:: Recorded data
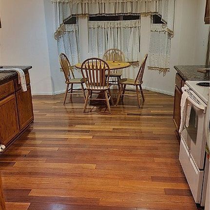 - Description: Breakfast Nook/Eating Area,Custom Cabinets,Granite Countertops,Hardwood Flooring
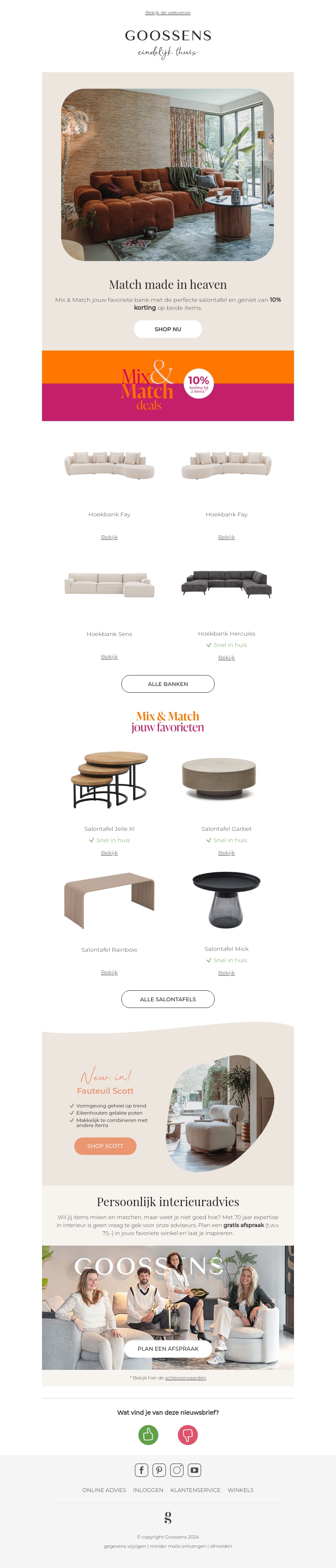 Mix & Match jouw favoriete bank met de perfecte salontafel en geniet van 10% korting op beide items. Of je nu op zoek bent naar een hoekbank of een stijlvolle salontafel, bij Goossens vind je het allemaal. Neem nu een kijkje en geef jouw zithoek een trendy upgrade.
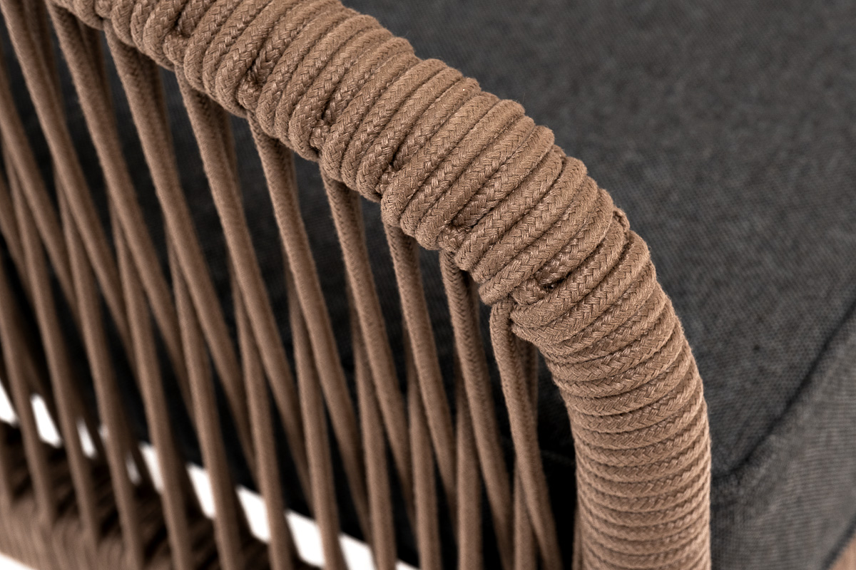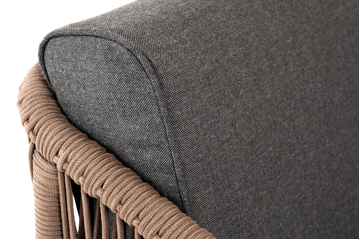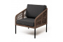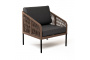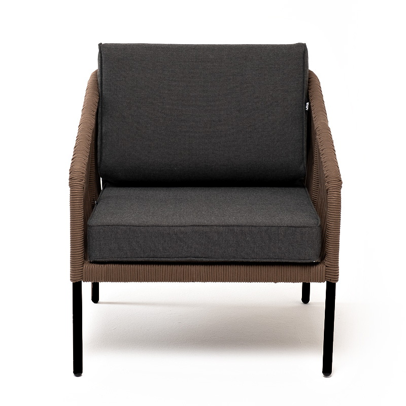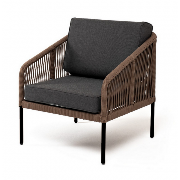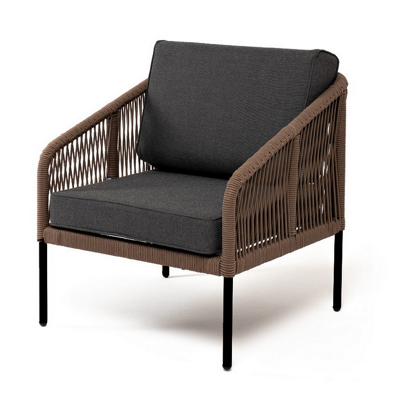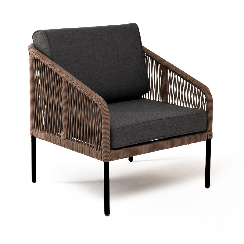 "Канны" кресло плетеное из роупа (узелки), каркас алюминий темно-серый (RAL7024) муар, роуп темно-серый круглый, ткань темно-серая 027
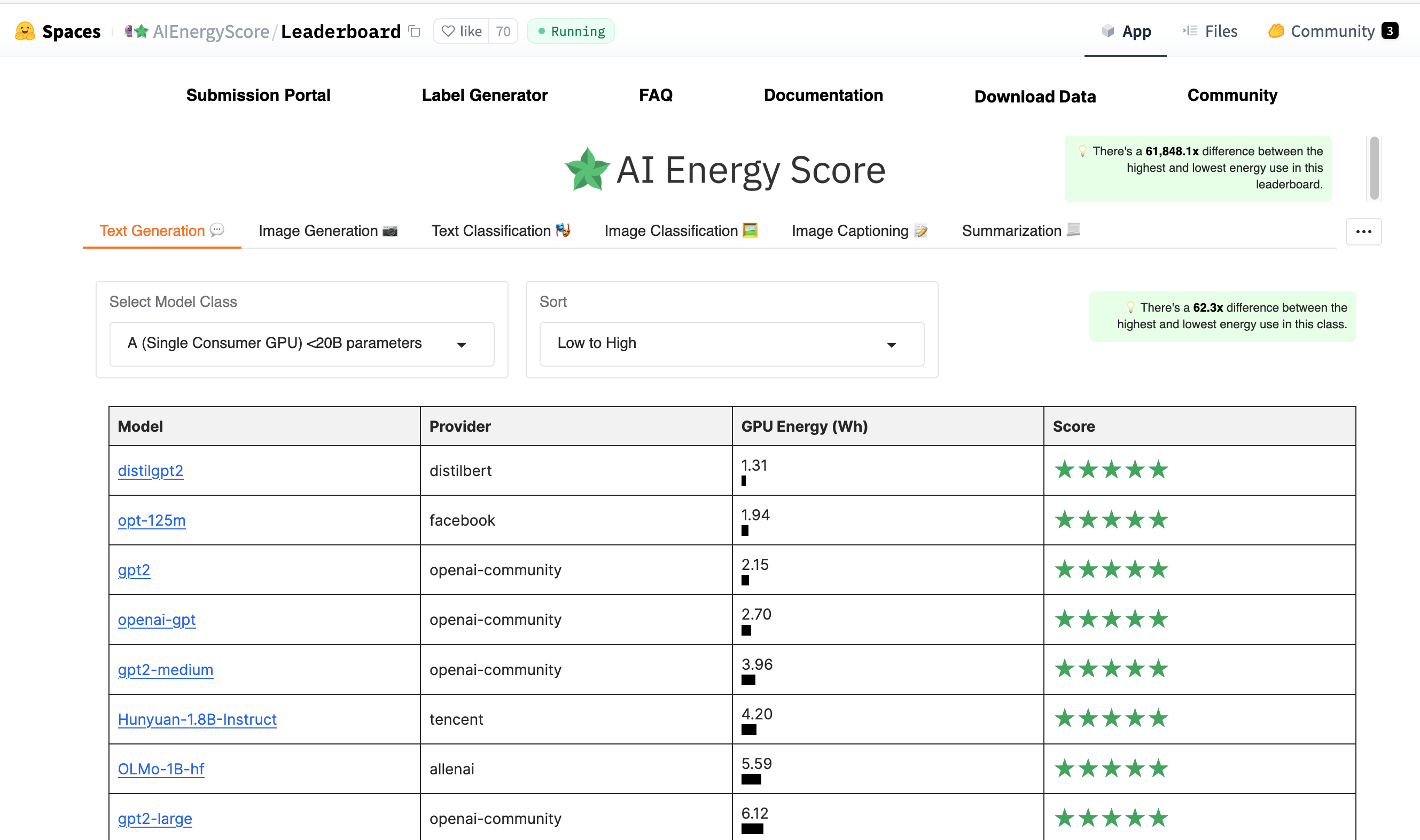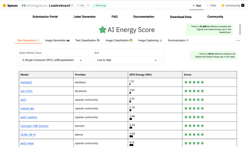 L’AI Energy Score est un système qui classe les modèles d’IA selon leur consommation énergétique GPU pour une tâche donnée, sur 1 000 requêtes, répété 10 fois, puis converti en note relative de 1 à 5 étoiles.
::::
Exercise: In the material above, which lines fall between the one holding "Mix & Match" and the one holding "ткань темно-серая 027", inclusive? Print exactly those, with the pictures left out.

Output:
 Mix & Match jouw favoriete bank met de perfecte salontafel en geniet van 10% korting op beide items. Of je nu op zoek bent naar een hoekbank of een stijlvolle salontafel, bij Goossens vind je het allemaal. Neem nu een kijkje en geef jouw zithoek een trendy upgrade.
 "Канны" кресло плетеное из роупа (узелки), каркас алюминий темно-серый (RAL7024) муар, роуп темно-серый круглый, ткань темно-серая 027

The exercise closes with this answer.